Collected data entries
----------

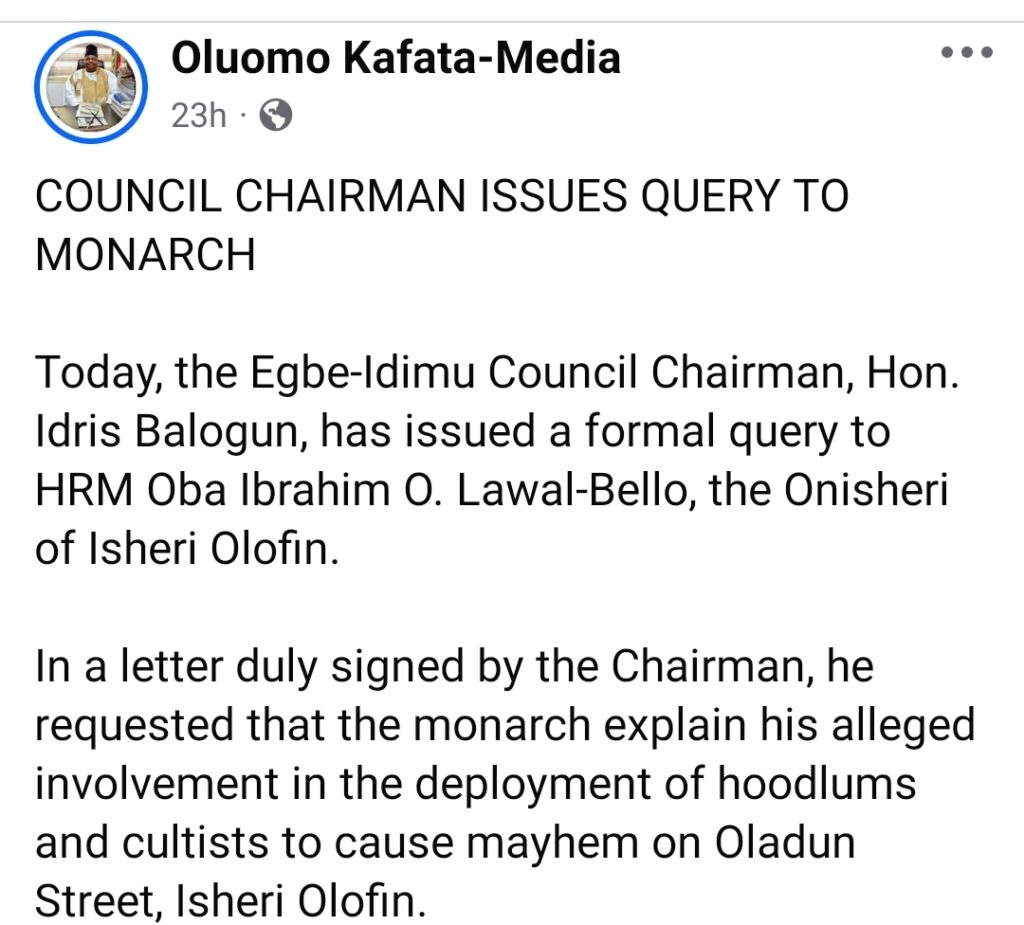 In a letter signed by the council chairman, the monarch was asked to clarify his alleged involvement in the deployment of hoodlums and cultists, who were said to have unleashed mayhem on Oladun Street, Isheri Olofin, during the unrest.
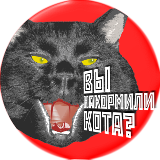This features a black cat with yellow eyes, making an angry face. It is situated in the center of a red circle and has Russian text on the right side of its head. The cat's mouth is open, showing its teeth, adding to its aggressive appearance. This unique design could be used for various purposes such as stickers or buttons, capturing attention with its bold colors and striking facial expression.
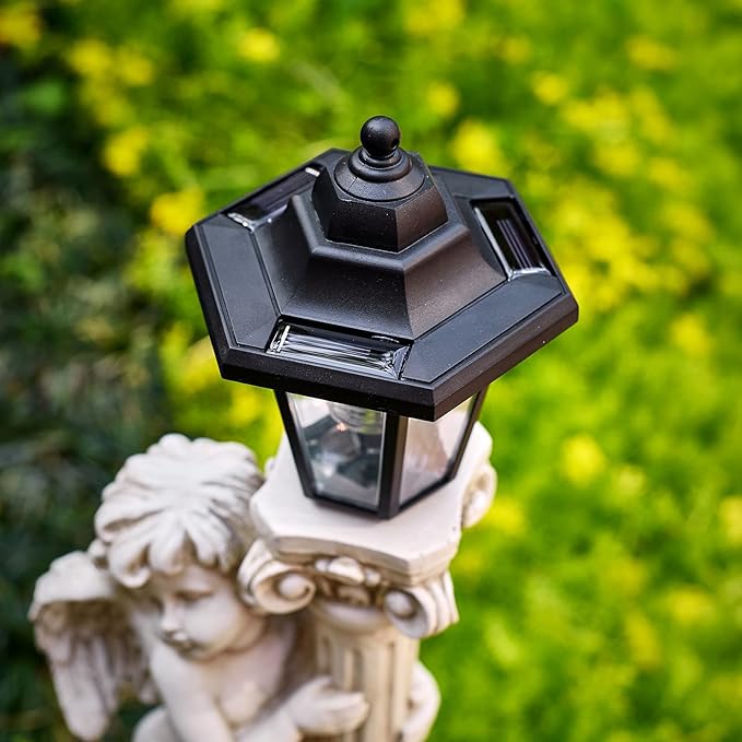 - Bring your garden, patio or balcony a touch of tranquility with this stunning angel statue. This lovely angel statue with solar light has been hand sculptured and hand painted giving it such a unique design. It will give your garden an instant effect without any hassle.
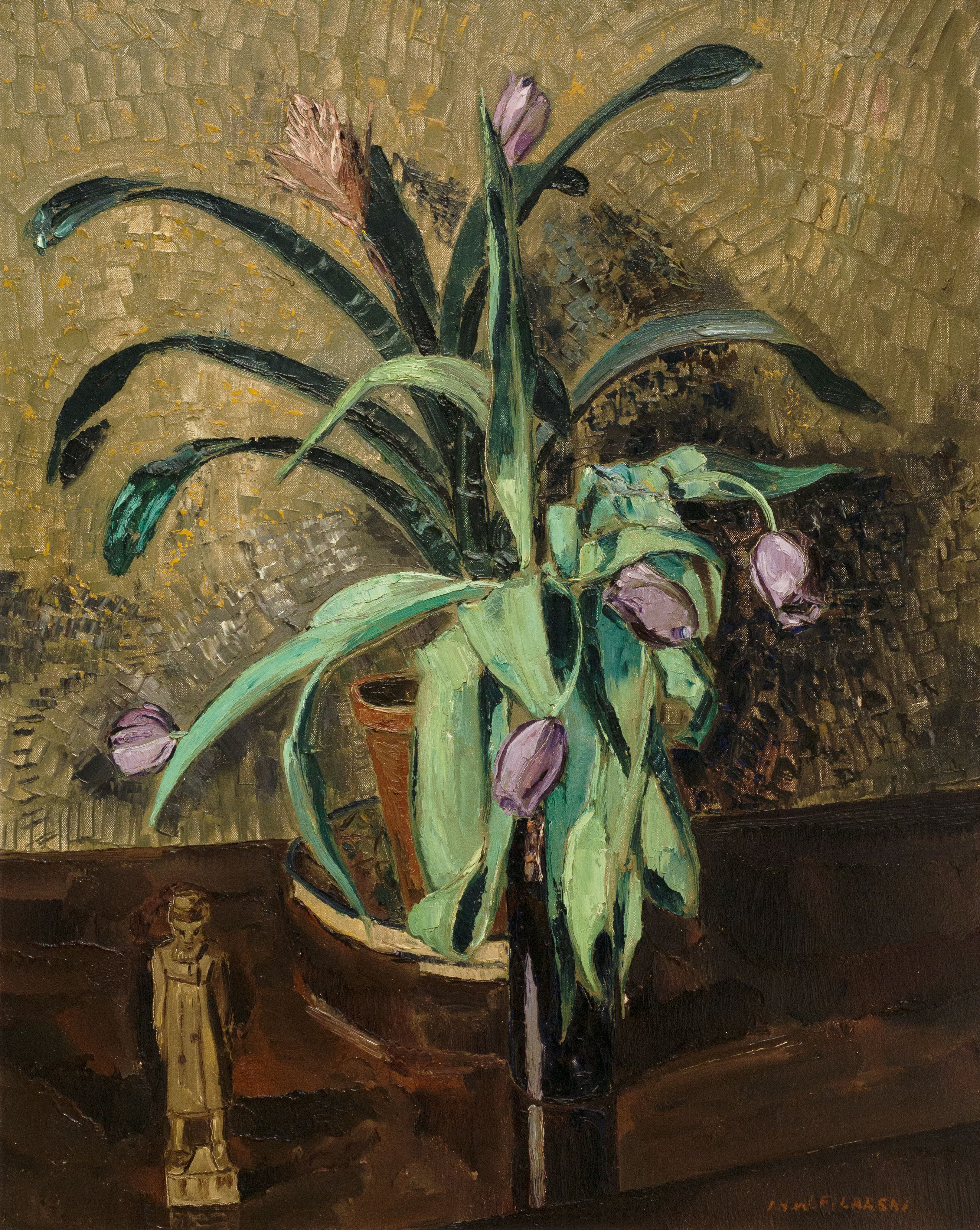 The title of Renée Smithuis' book on Filarski is: Wandering Painter of the Bergen School. Herein lies succinctly the elements that typify Filarski. He was never in one place for long, always looking for new challenges and inspirations with Bergen aan Zee as his base of operations. He was educated at the Kunstnijverheidsschool Quellinus in Amsterdam where he met Dirk Smorenberg, among others, and from which a lifelong friendship developed. Various patrons enabled Filarski to lead a free artistic existence, place of residence remained Bergen. Here, around 1910, an artists' colony arose, including Leo Gestel and Else Berg. Filarski previously painted in colorful luminism, experimented with a new expressionism, went back to more somber colors only to revisit detail and color. Landscapes and still lifes are favorite subjects. Switzerland, Italy, France, Norway and, of course, Holland are the countries where he painted. He participated in dozens of exhibitions and was a member of Het St Lucas guild. He left an extensive oeuvre. His work can be found in several Dutch museums as well as in many private collections.
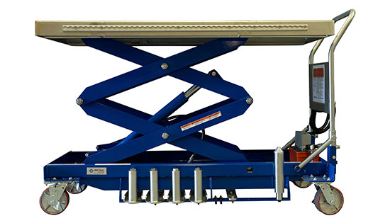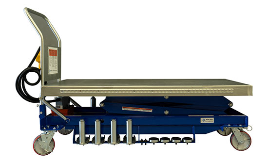 - Flow control valve allows speed adjustment when lowering the table, ensuring safety when handling heavy objects.
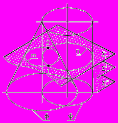 - Плоскости ГП1 и ГП1 пересекают поверхности по окружностям и дают соответственно экстремальные и промежуточные точки.
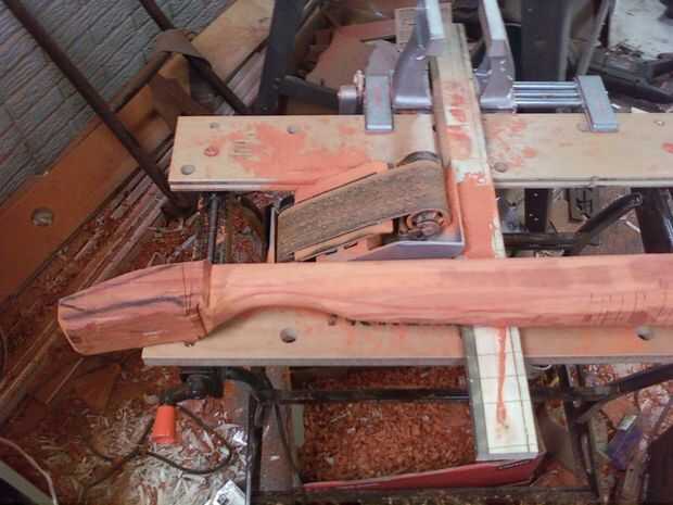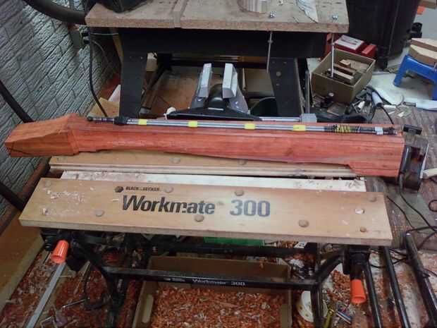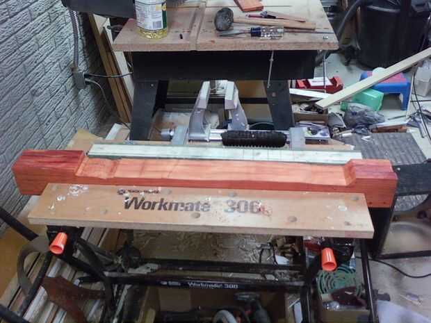 (El Padauk utilicé era más grueso que el Aspenwood que usé para el primer cuello en blanco. Sólo requiere este segundo cuello blanco 3 piezas pegados al lado del otro para crear las dimensiones adecuadas del cuello.)
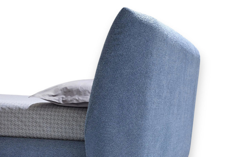 Caratteristiche tecniche: La testata avvolgente è realizzata con una struttura curva in particelle di legno, rivestita con poliuretano espanso e ovatta. Il giroletto è composto da particelle di legno rivestite con poliuretano espanso e ovatta, il tutto foderato con una cuffia in vellutino con logo.
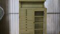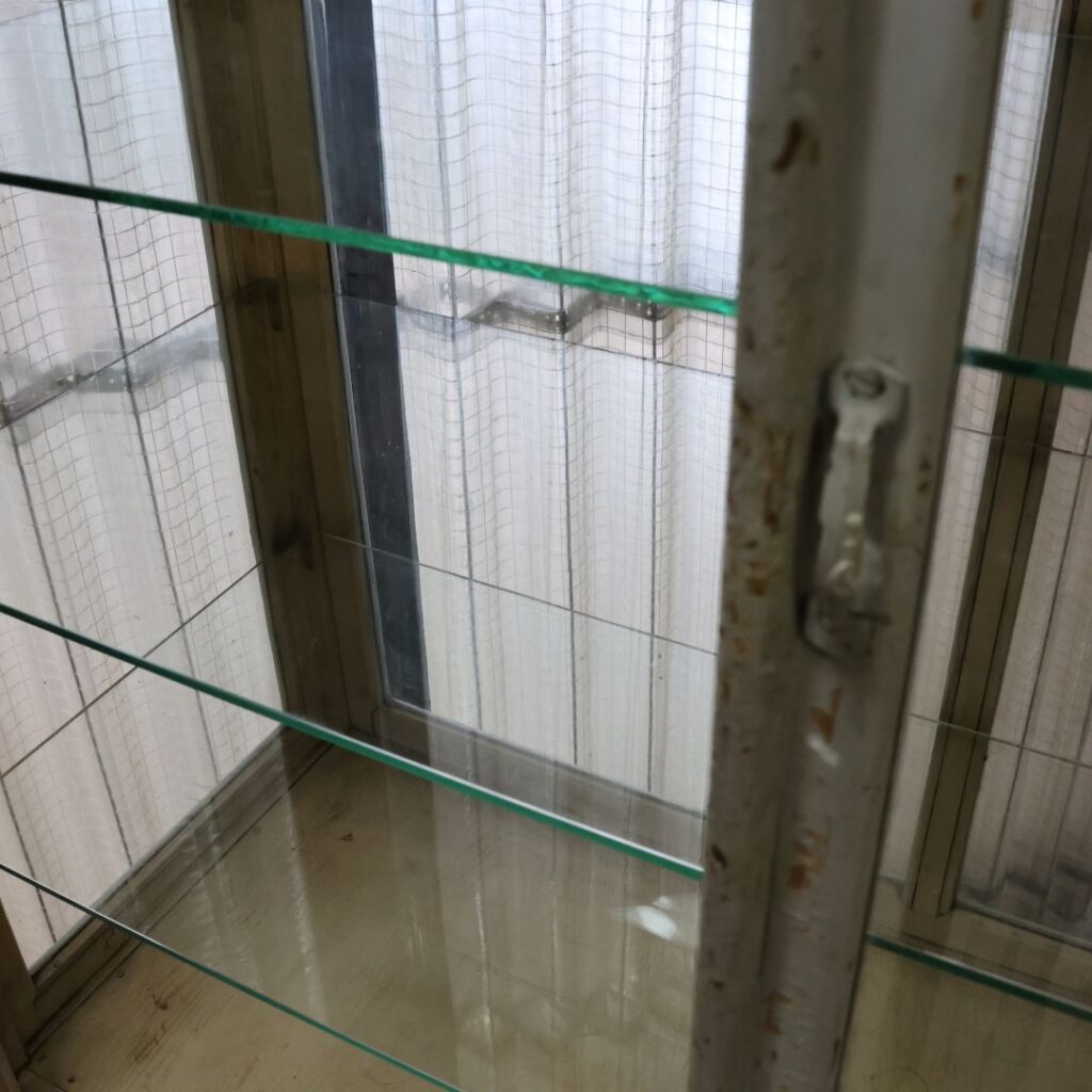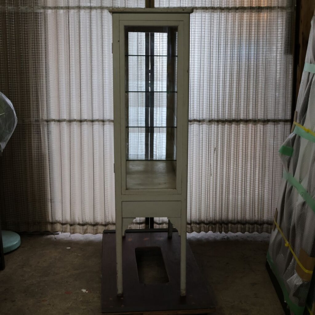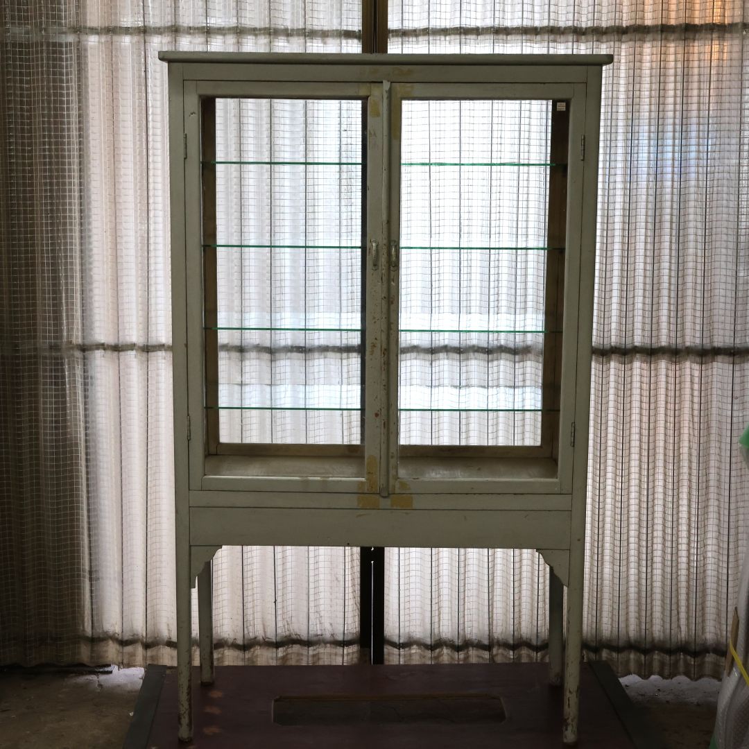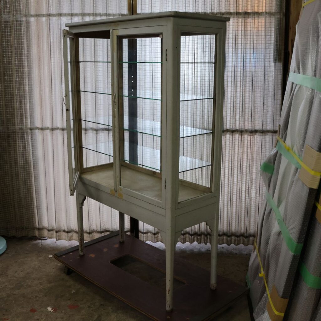 • ガラス張り:前面だけでなく、側面や背面もガラスになっているものが多く(写真のものは前面ガラス扉ですね)、中に飾ったものが美しく際立つのが大きな魅力です。当時の医療用としての「中身を一目で確認できる」という機能性が、現代では最高のディスプレイ効果を生み出しています。

----------

▸ Exercise goal: Print nothing except the lines above from the one containing "- Flow control" down to the one containing "- Плоскости ГП1", both included, exactly as written and free of pictures.

▸ Exercise solution:
 - Flow control valve allows speed adjustment when lowering the table, ensuring safety when handling heavy objects.
 - Плоскости ГП1 и ГП1 пересекают поверхности по окружностям и дают соответственно экстремальные и промежуточные точки.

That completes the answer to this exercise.